Write again exactly the lines in the listing below, starting at the line with "场面惊险!泰国俩僧侣持刀斧互砍 |" and ending at the line with "Täuschend echt begeistert", both included. Pictures are not copied.

====== DATASET EXTRACT ======

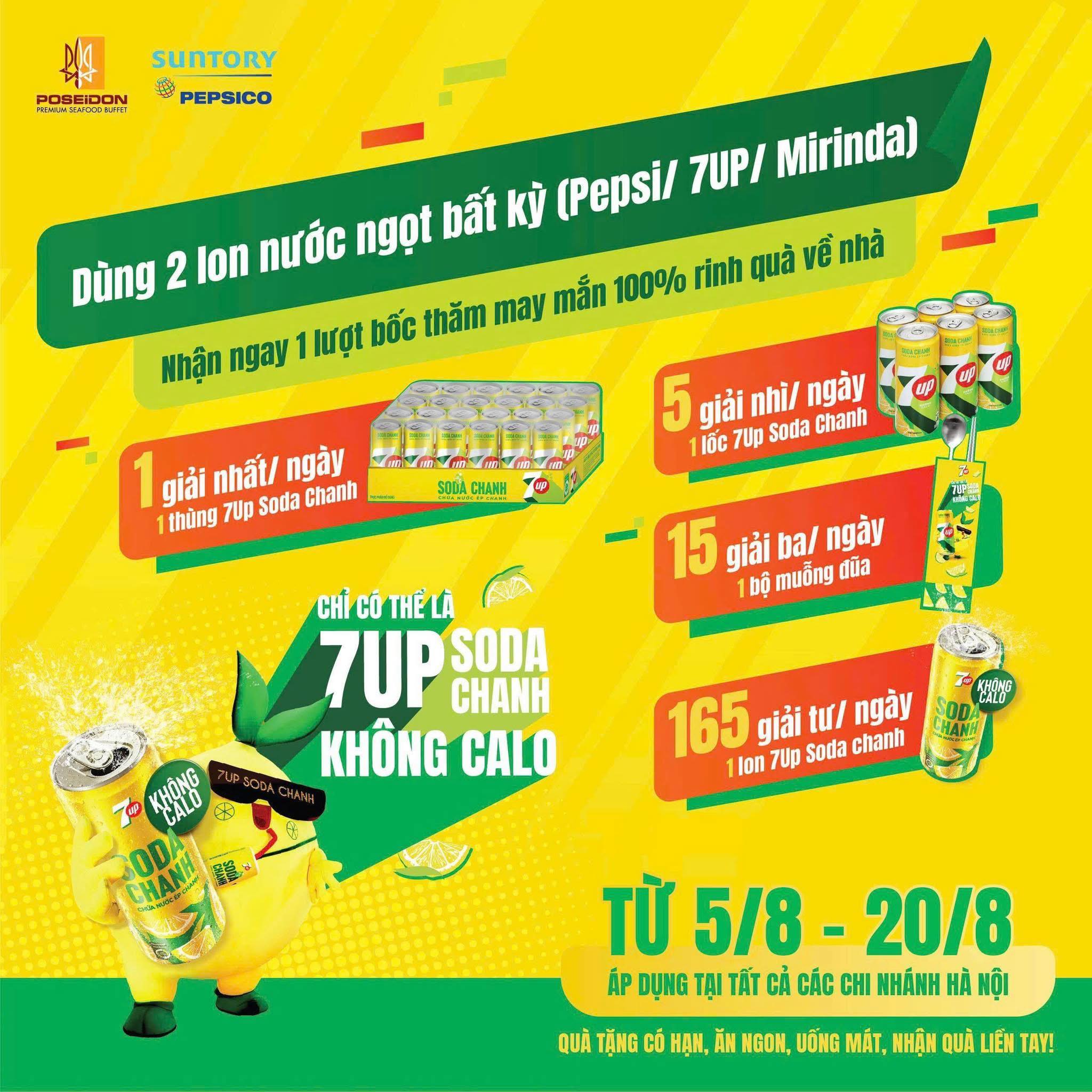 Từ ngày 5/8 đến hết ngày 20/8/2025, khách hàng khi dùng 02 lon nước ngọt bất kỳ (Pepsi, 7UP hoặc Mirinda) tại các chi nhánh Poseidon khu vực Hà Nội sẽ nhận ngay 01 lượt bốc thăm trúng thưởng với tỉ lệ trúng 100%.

======
====== DATASET EXTRACT ======

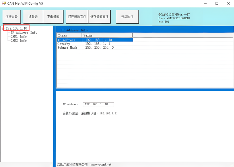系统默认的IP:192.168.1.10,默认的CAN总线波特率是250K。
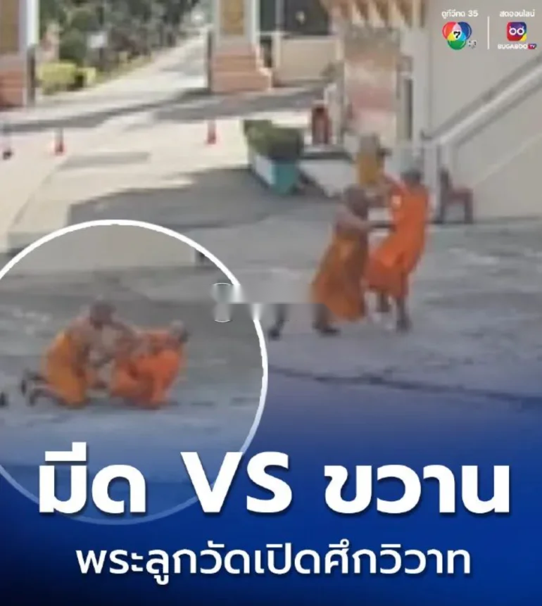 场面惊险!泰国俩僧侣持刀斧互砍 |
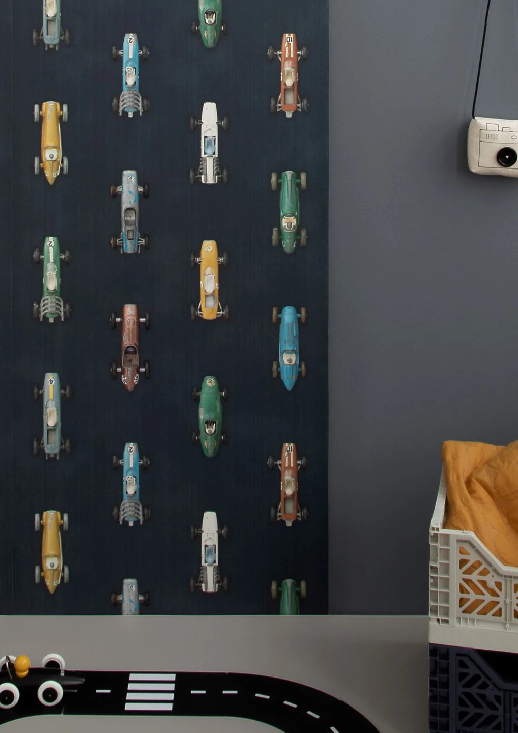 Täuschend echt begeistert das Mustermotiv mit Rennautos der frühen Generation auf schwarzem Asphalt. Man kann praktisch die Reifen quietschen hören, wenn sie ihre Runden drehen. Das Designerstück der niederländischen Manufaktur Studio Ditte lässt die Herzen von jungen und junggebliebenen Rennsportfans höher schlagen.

======

YOUR RESPONSE:
 场面惊险!泰国俩僧侣持刀斧互砍 |
 Täuschend echt begeistert das Mustermotiv mit Rennautos der frühen Generation auf schwarzem Asphalt. Man kann praktisch die Reifen quietschen hören, wenn sie ihre Runden drehen. Das Designerstück der niederländischen Manufaktur Studio Ditte lässt die Herzen von jungen und junggebliebenen Rennsportfans höher schlagen.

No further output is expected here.